Entries from October 2007 ↓
October 23rd, 2007 — Media, Marketing and Advertising

by Tracee Sioux
For Blogher’s Postpartum Depression Mother’s Act Day, I want to write about a deep inner conflict I faced. And inner war which might help explain some of the increase in PPD we’re seeing today.
During the first three months after birth I was faced with two completely unacceptable choices.
Was I to give up my profession as a journalist and stay home with this no longer hypothetical human?
Or was I going to leave her with strangers at least 55 hours per week? Missing all her firsts and resigning myself to being a “bad mother?”
For the 12 weeks the Family Medical Leave Act protected my job, I labored with my two terrible choices until I became paralyzed by the fact that I loathed both with a valid and legitimate passion.
If you disagree with another person or a social norm, but hold true to yourself, you’ll probably avoid depression, anxiety and various forms of mental illness. But, if your conflict is within and the war between two negative choices rages within, it will likely result in depression, anxiety and mental illness.
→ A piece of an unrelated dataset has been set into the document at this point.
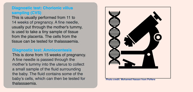 Further counselling and information are provided if the presence of thalassaemia is confirmed, including advice and support for the options of continuation or termination of pregnancy if thalassaemia major is identified.

Behind my inner conflict was the influence and pressure of all previous generations of mothers telling me only bad mothers left their children to pursue personal ambition. Mine were particularly loud due to the Mormon upbringing I had in which a woman’s only role was to mother. Pitted against the present-day pressure and influence of my husband, who didn’t want to make the financial sacrifices it would require for me to stay home. Not to mention the deep gratification I got from my professional life, which I didn’t want to abandon. The trouble was I believed they were both right.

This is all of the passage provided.